When you execute a SQL query, the SQL layer might break it down into dozens, hundreds, or even thousands of individual KV operations. The latency you experience in your application is the sum of the latencies for all these KV operations, plus the SQL processing time.
Monitoring with Prometheus
While the built-in dashboards are great for a quick glance, for robust, long-term monitoring and alerting, you’ll want to integrate with Prometheus. CockroachDB exposes its metrics in Prometheus format on port 2112 by default (e.g., http://<node-address>:2112/metrics).
Here’s a snippet of what those metrics look like:
# HELP go_goroutines Number of goroutines that currently exist.
# TYPE go_goroutines gauge
go_goroutines 150
# HELP cockroach_sql_qps SQL queries per second.
# TYPE cockroach_sql_qps counter
cockroach_sql_qps{node_id="1",type="total"} 12345.67
# HELP cockroach_kv_ops Key-value operations per second.

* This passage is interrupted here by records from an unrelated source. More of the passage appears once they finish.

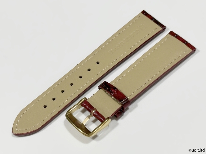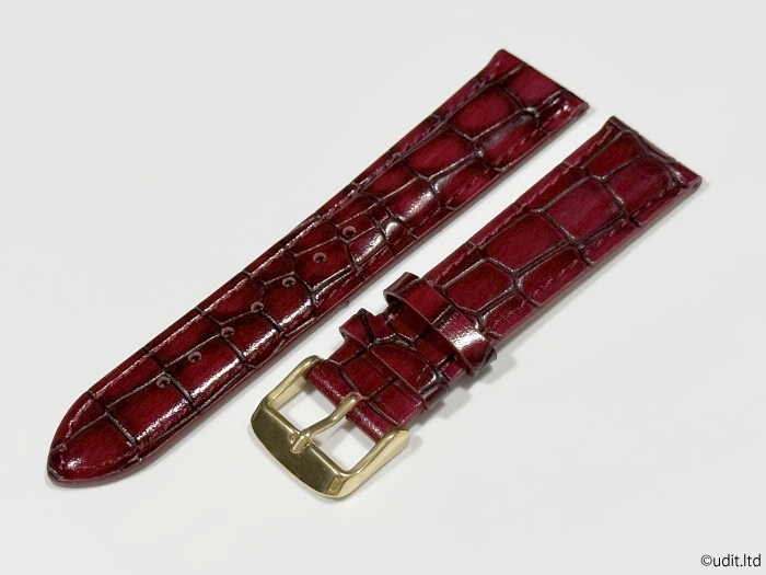 ラグ幅20mm クロコダイル型押し 腕時計レザーベルト レッド ゴールド尾錠 時計用バンド LB102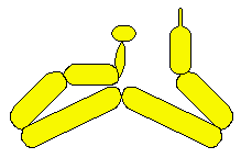 本帆船造型需黃色260q兩條做船身,一條棕色做桅竿,一條淺藍色當帆布。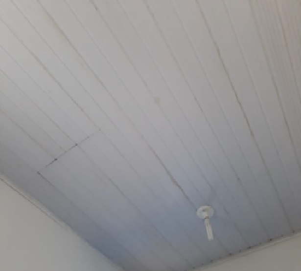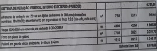 Como podemos observar na imagem ao lado, não existe roda meio em madeira, assim como as paredes não sofreram aplicação de massa PVA, que planilha esse item custou R$ 3.590,13, porém o serviço não foi executado, o tratamento realizado nas paredes foi apenas pintura com tinta. Podemos verificar também que houve a colocação de revestimento cerâmico nas paredes, mas não podemos verificar se o revestimento nas paredes correspondem a 214,2 metros quadrados.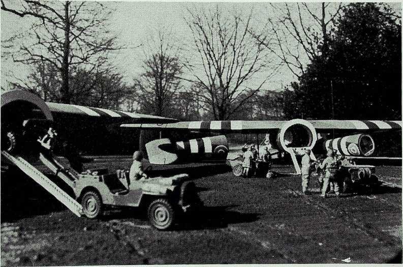 The tail sections of the other Horsas have been removed. Runners have been slinned out and jeeps, a trailer and a six-pounder anti tank gun are driven out of the gilders.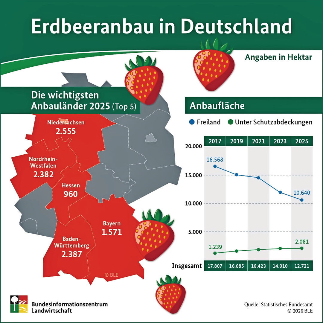 von BLE erschienen am 26.03.2026Das liegt vor allem daran, dass immer weniger Erdbeeren im Freiland angebaut werden. Der Anbau unter Schutzabdeckungen hingegen nimmt kontinuierlich zu. Hier fallen die Erträge pro Hektar mehr als doppelt so hoch aus wie im Freiland. 2023 wurde erstmals die Grenze von 2.000 Hektar Anbaufläche unter Schutzabdeckungen durchbrochen und 2025 mit 2.081 Hektar ein neuer Rekordwert erreicht. Die Flächenverluste im Freiland können diese Zugewinne aber nicht annähernd ausgleichen.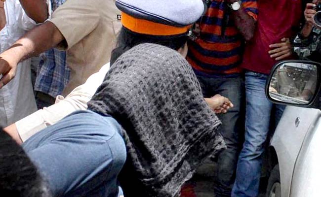 Indrani Mukerjea being taken, with her face covered, for questiniong to the Khar Police Station in Mumbai on Saturday. (Press Trust of India)
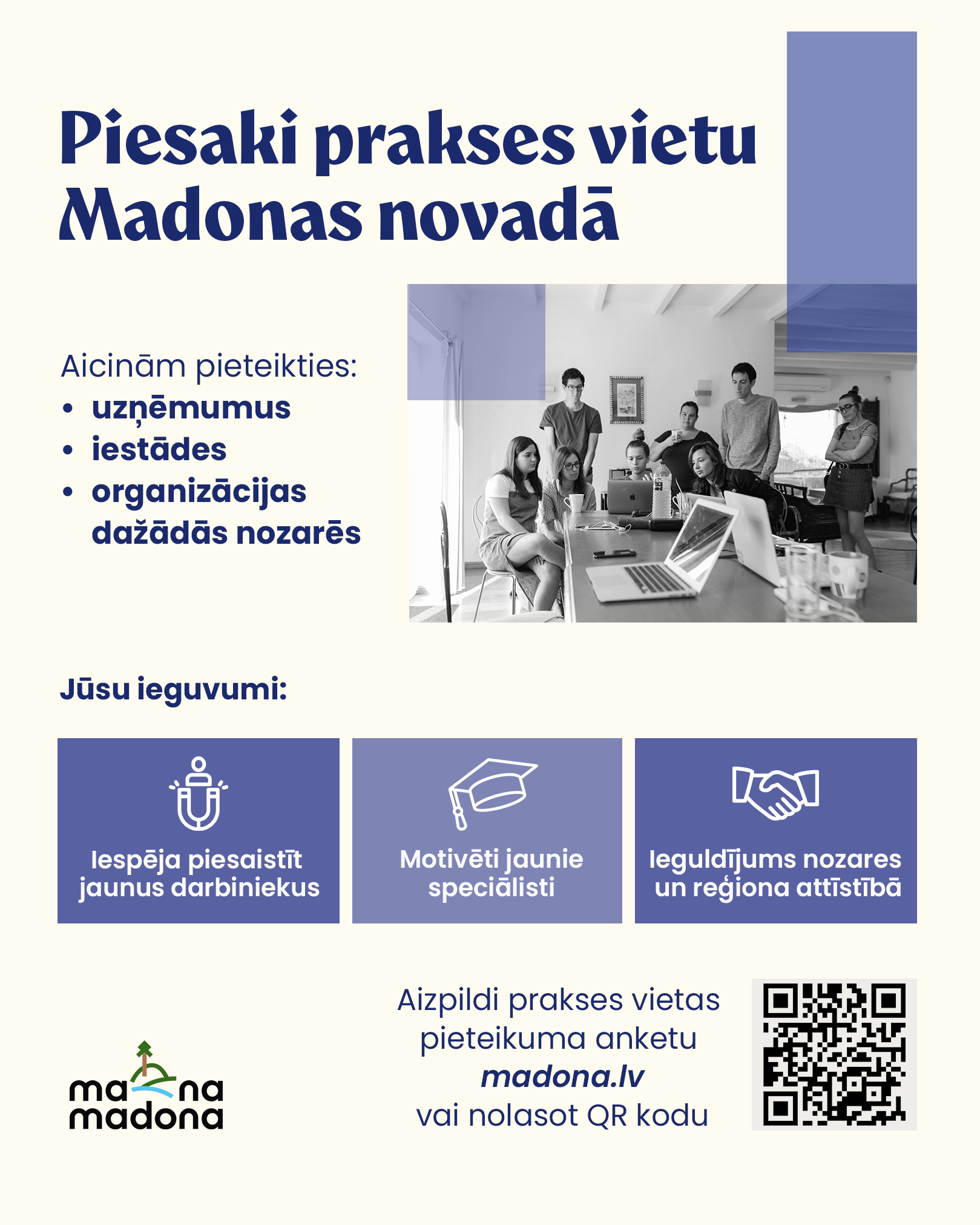 Prakses vietu pieteikuma anketa- https://ej.uz/prakse_madona2026.

# TYPE cockroach_kv_ops counter
cockroach_kv_ops{node_id="1",type="reads"} 50000.00
cockroach_kv_ops{node_id="1",type="writes"} 10000.00
# HELP cockroach_liveness_heartbeat_latency_nanoseconds Latency of liveness heartbeats.
# TYPE cockroach_liveness_heartbeat_latency_nanoseconds histogram
cockroach_liveness_heartbeat_latency_nanoseconds_bucket{node_id="1",le="1000000"} 100
cockroach_liveness_heartbeat_latency_nanoseconds_bucket{node_id="1",le="10000000"} 200
cockroach_liveness_heartbeat_latency_nanoseconds_sum{node_id="1"} 1500000000
cockroach_liveness_heartbeat_latency_nanoseconds_count{node_id="1"} 300
To get this into Prometheus, you’d configure your prometheus.yml file to scrape these endpoints:
scrape_configs:
- job_name: 'cockroachdb'
static_configs:
- targets: ['node1:2112', 'node2:2112', 'node3:2112']
Once Prometheus is scraping these metrics, you can build dashboards in Grafana. Here are some key metrics to focus on:
- SQL QPS (
cockroach_sql_qps): Total SQL queries per second. A sudden drop can indicate an issue with the SQL layer or upstream application. - KV Ops (
cockroach_kv_ops): Total KV operations per second, broken down by reads and writes. Spikes here often correlate directly with SQL QPS. - KV Latency (
cockroach_kv_latency_nanoseconds): This is crucial. Look at_sumand_countto calculate the average, or use the histogram buckets for percentiles (e.g., p95, p99). High KV latency is the most common cause of slow SQL queries. - Replication RTT (
cockroach_raft_rtt_nanoseconds): Round-trip time for Raft heartbeats. High RTT indicates network or node issues impacting replication. - Store Bytes (
crdb_node_store_bytes): Total bytes on disk per node. Helps identify uneven data distribution or disk full issues.
Consider the cockroach_kv_latency_nanoseconds metric. It’s a histogram, and just looking at the _sum divided by _count gives you the average. However, averages can be misleading. To understand the worst-case experience for your users, you need percentiles. You can calculate these in Grafana using the histogram_quantile function:
histogram_quantile(0.95, sum by (le, node_id) (rate(cockroach_kv_latency_nanoseconds_bucket[5m])))
This query shows the 95th percentile KV latency over the last 5 minutes, aggregated by node. If this value is consistently high (e.g., hundreds of milliseconds), your SQL queries will be slow.
The most counterintuitive aspect of CockroachDB’s performance is how tightly coupled the SQL and KV layers are, and how a single slow KV operation can cascade into slow SQL queries. It’s not just about the number of queries, but the cost of each underlying KV read or write.
The next step is often understanding how to optimize those KV operations, which leads to tuning your schema and SQL queries for better range access patterns.